Petitioner as his first ground for release argues that he was convicted upon evidence obtained by illegal search and seizure. Prom the evidence introduced at the hear*434ing, it appears that federal officers, suspecting narcotics were being sold, gave money to an individual who went to petitioner’s apartment and purchased marijuana cigarettes. The agents had listed the serial numbers of the money. When the informer came out of the building, he turned the cigarettes over to the agents and they in company with city detectives went to petitioner’s apartment. They were admitted by him and searched the apartment and found no narcotics but did find part of the marked money in petitioner’s clothes. Upon this evidence, petitioner was prosecuted under the state law.
It is only evidence that is obtained by an illegal search that is inadmissible under the Fourth Amendment to the Constitution of the United States. In the present situation, the officers had good cause to believe that a felony had been committed. The search was pursuant to a lawful arrest. It has long been held that a search pursuant to a lawful arrest is reasonable, and evidence obtained thereby is admissible. Harris v. United States, 331 U. S., 145; and Draper v. United States, 358 U. S., 307.
However, even if the evidence had been illegally obtained, it would not void petitioner’s conviction. At the time of petitioner’s trial in 1956, illegally obtained evidence was admissible in Ohio. The subsequent decision of Mapp v. Ohio, 367 U. S., 643, does not affect petitioner’s conviction. Spence v. Sacks, Warden, 173 Ohio St., 419; and Villasino v. Maxwell, Warden, 174 Ohio St., 483.
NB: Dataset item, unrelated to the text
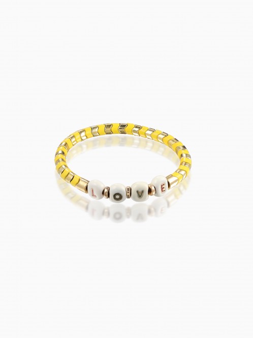 The Velina bracelet captivates with its colorful beads delicately combined with luminous gold accents. At its center, charming letter beads spell out a symbolic word, like a sweet message to wear every day. A modern and joyful piece of jewelry, perfect for adding a touch of color and personality to your outfits.

Next, petitioner contends that his conviction was void because he was not confronted by the informer at his trial. There is no evidence as to this fact. However, this is not a ground for relief by habeas corpus, as questions of evidence must be raised by appeal. Spence v. Sachs, Warden, supra.
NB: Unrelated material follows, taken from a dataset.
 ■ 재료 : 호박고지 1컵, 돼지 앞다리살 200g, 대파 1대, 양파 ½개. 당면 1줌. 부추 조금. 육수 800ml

Petitioner urges that federal officers arrested him, and that he should have been prosecuted by the federal government.
The crime involved here is a crime under both state and federal laws. Where one has committed an offense which violates the laws of two sovereigns, it is not up to him to choose which of the two shall prosecute him. This lies completely within the discretion of the sovereigns.
Finally, he urges that a federal tax lien has been imposed *435on him for the possession of the marijuana. This has no bearing on his present incarceration and is not cognizable in a habeas corpus proceeding.
Petitioner remanded, to custody.
Taft, C. J., Zimmerman, Matthias, O’Neill, Griffith, Herbert and Gibson, JJ., concur.